■ ACTIVITY: For this exercise, output the entries below exactly from the line that holds "- Bitgetで正しいネットワークと暗号資産を選んで入金アドレスを取得" to the line that holds "ワイシャツ ウィンザーノット 半袖", both ends included. No pictures belong in the copy.

PROVIDED RECORDS: Begin

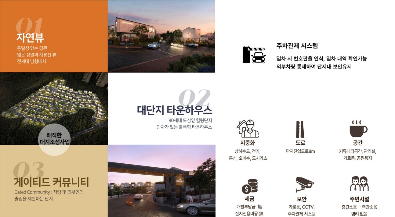 세종시 장군면 대교리에 위치한 더그르노블은 대단지 타운하우스로 조용하고 자연 친화적인 환경 속에서 풍요로운 삶을 즐길 수 있습니다.
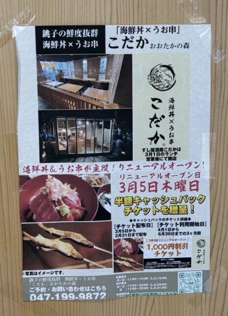 流山おおたかの森駅近くの「鮨処こだか」が3/1(水)閉店、3/5(木)「うお串と海鮮丼」のお店としてリニューアルOPEN!
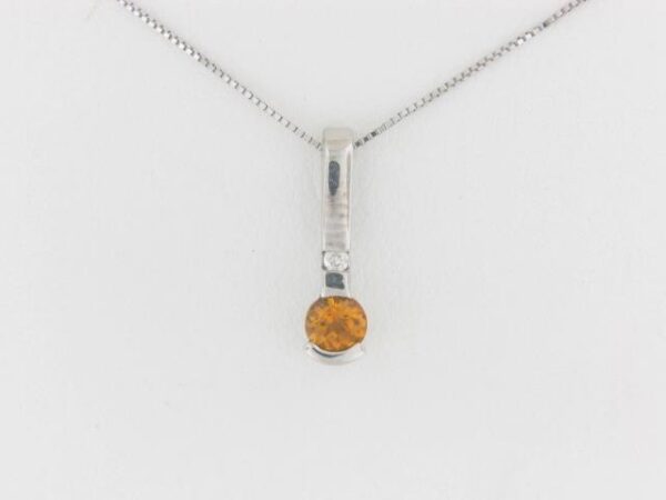 Elevate your style with this stunning 10K white gold pendant featuring a vibrant citrine center stone and a delicate diamond accent. A timeless piece that adds a touch of elegance to any outfit.
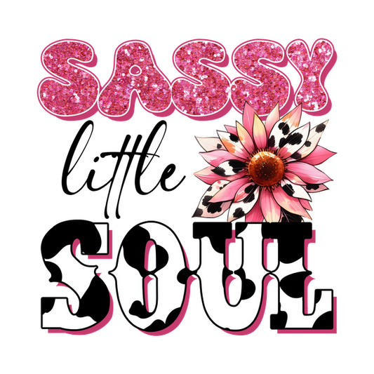 A vibrant and playful design featuring the words "Sassy Soul" with sparkly lettering and a colorful flower motif. dtf transfers dtf transfers
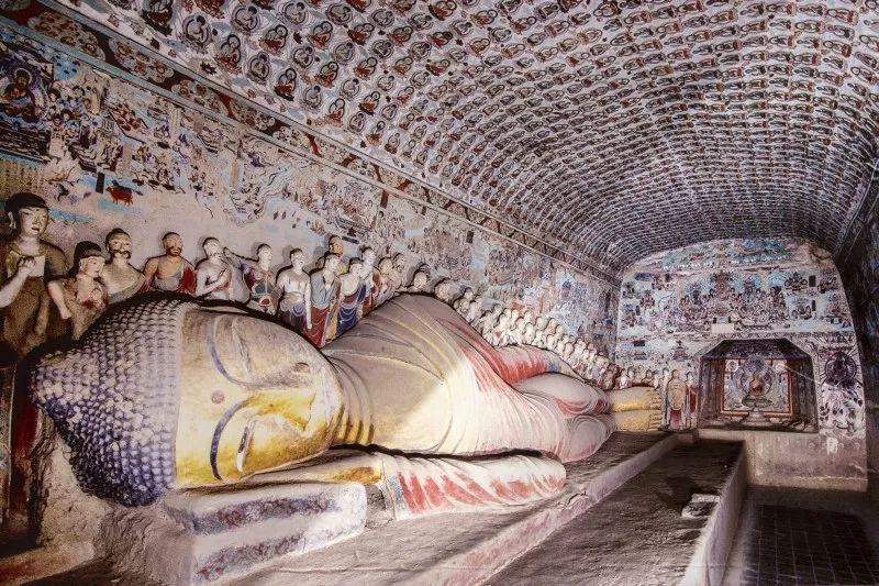 約半數(shù)的石窟開鑿于唐朝,莫高窟也匯集了大唐帝國美術(shù)之精粹。仿佛能隨呼吸而起伏的溫柔菩薩雕塑、經(jīng)變壁畫上吳帶當(dāng)風(fēng)的歌姬……縱使剎那已千年,大唐盛景似乎仍停滯在黑暗的石窟中,開門的同時,仿佛開闔了時空的通道。
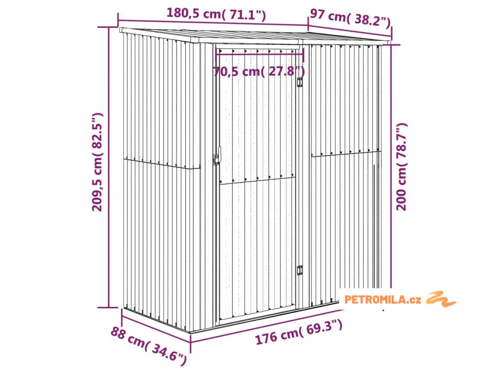 Zahradní domek na nářadí antracit 225x89x161cm pozinkovaná ocel
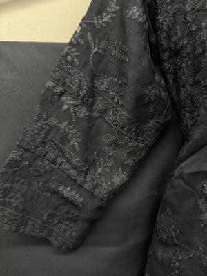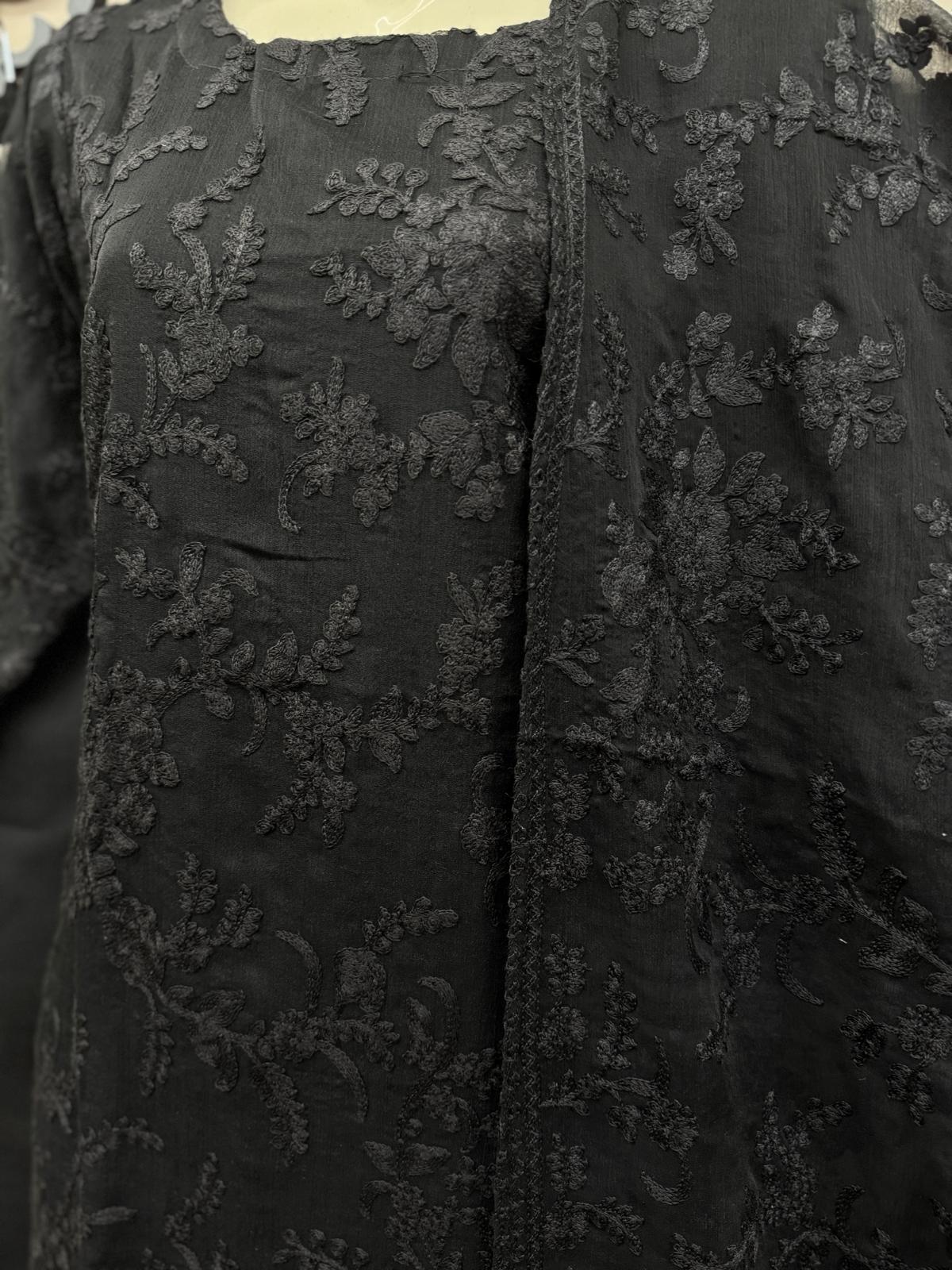 Black Chiffon Embroidered 3-Piece Outfit - Classic Elegance for All Seasons
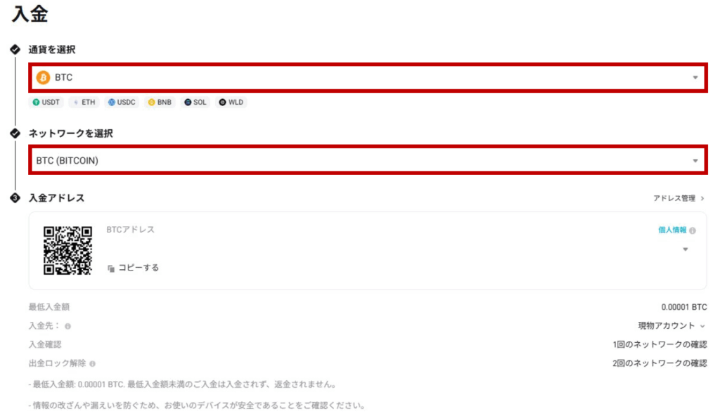 - Bitgetで正しいネットワークと暗号資産を選んで入金アドレスを取得
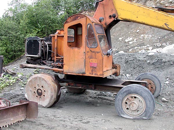Tuohon Bröytiin saattaisi kyllä palatakin syksymmällä. Tuossa kuvassa näkyy Bröytin erikoinen alavaunurakenne: teräksiset etupyörät, jotka voitiin hydraulisesti lukita kaivamisen ajaksi, sekä kevyemmät kumirenkain varustetut takapyörät, joiden varassa matka taittui työmaalta toiselle.
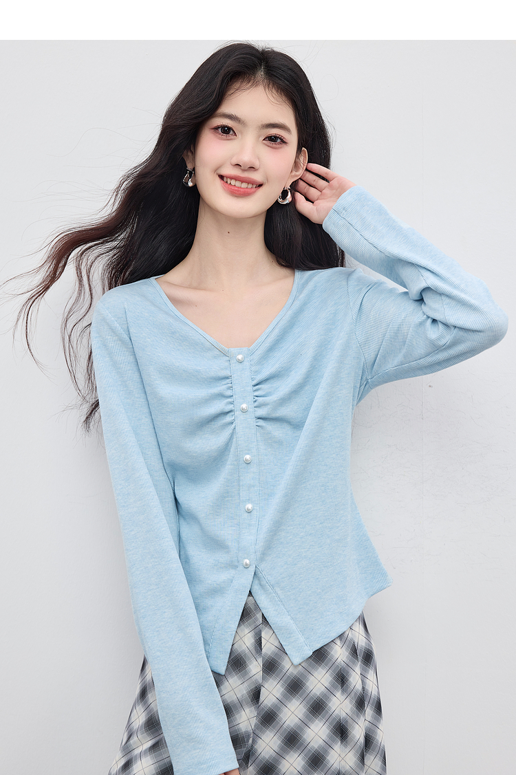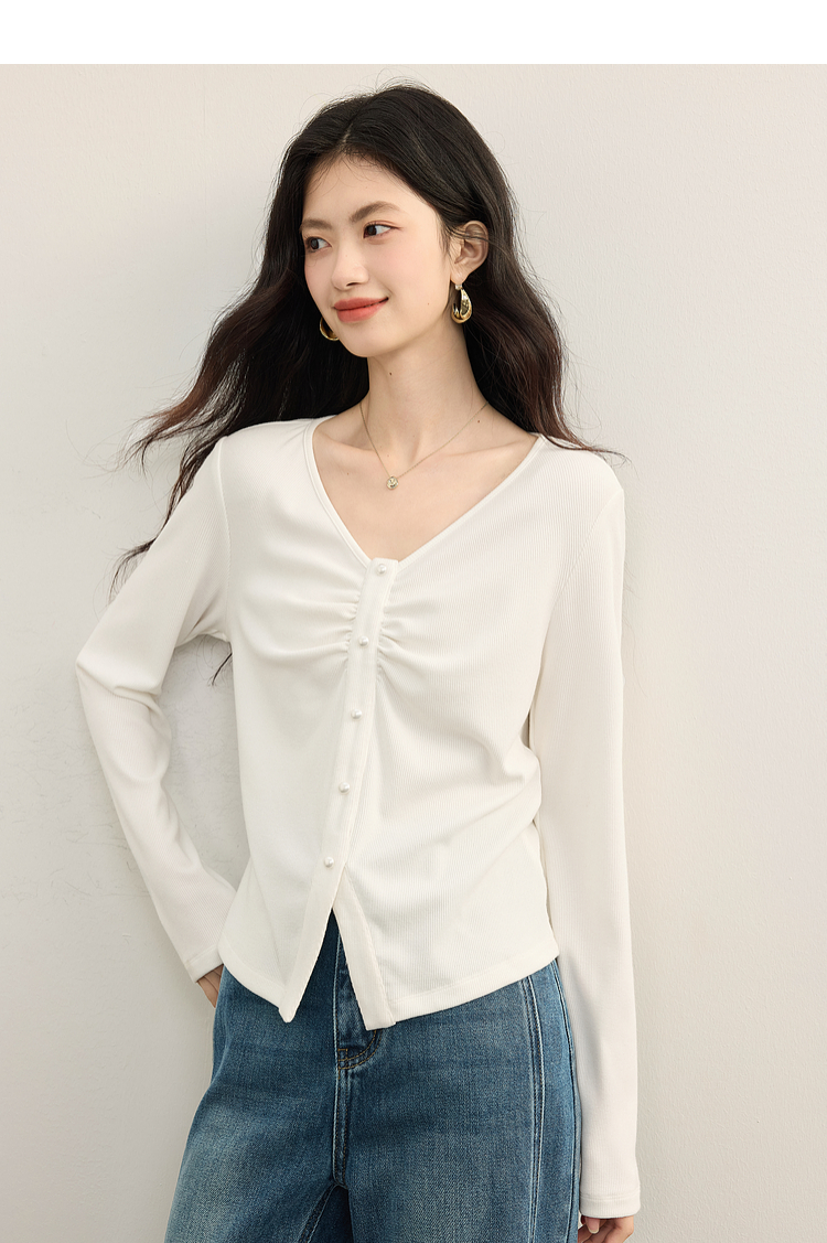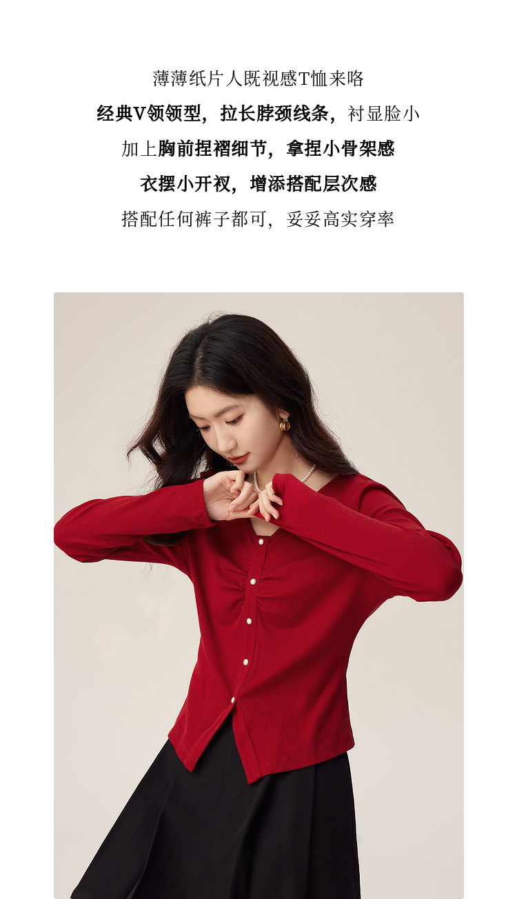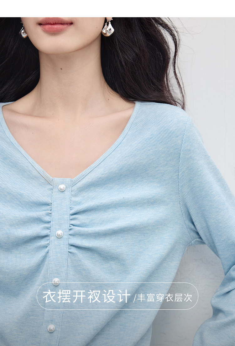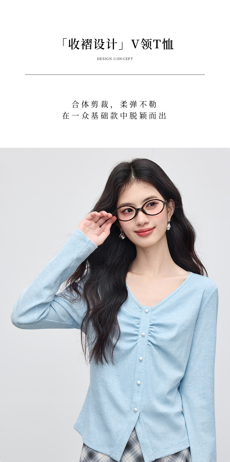 【08/12新品】熙世界收褶正肩V领长袖t恤女2025秋季新款设计感修身显瘦卡腰上衣
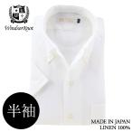 ワイシャツ ウィンザーノット 半袖 リネン ボタンダウン ワンピースカラー シャツ ホワイト 白 無地 日本製 麻100% イタリアンカラー |クリスマス プレゼント
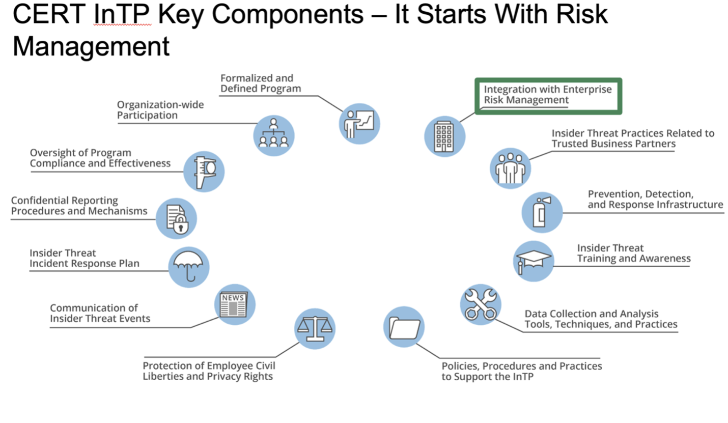 - Integration with Enterprise Risk Management—The IRMP must ensure that all aspects of the organization’s risk management include insider threat considerations (not just outside attackers), and the organization should consider establishing a standalone component for insider risk management.
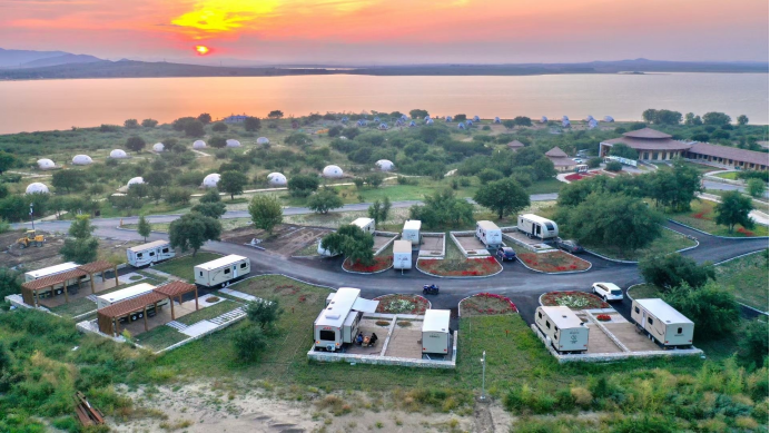 共有16辆特色房车,有适合三五好友聚会的豪华型一室一厅房车,有适合情侣入住的浪漫星空房,也有适合全家出游的家庭式房车,温馨便捷的院落式房车营地,使游客充分享受难忘的家庭时光。

PROVIDED RECORDS: End

■ TASK OUTPUT:
 - Bitgetで正しいネットワークと暗号資産を選んで入金アドレスを取得
Tuohon Bröytiin saattaisi kyllä palatakin syksymmällä. Tuossa kuvassa näkyy Bröytin erikoinen alavaunurakenne: teräksiset etupyörät, jotka voitiin hydraulisesti lukita kaivamisen ajaksi, sekä kevyemmät kumirenkain varustetut takapyörät, joiden varassa matka taittui työmaalta toiselle.
 【08/12新品】熙世界收褶正肩V领长袖t恤女2025秋季新款设计感修身显瘦卡腰上衣
 ワイシャツ ウィンザーノット 半袖 リネン ボタンダウン ワンピースカラー シャツ ホワイト 白 無地 日本製 麻100% イタリアンカラー |クリスマス プレゼント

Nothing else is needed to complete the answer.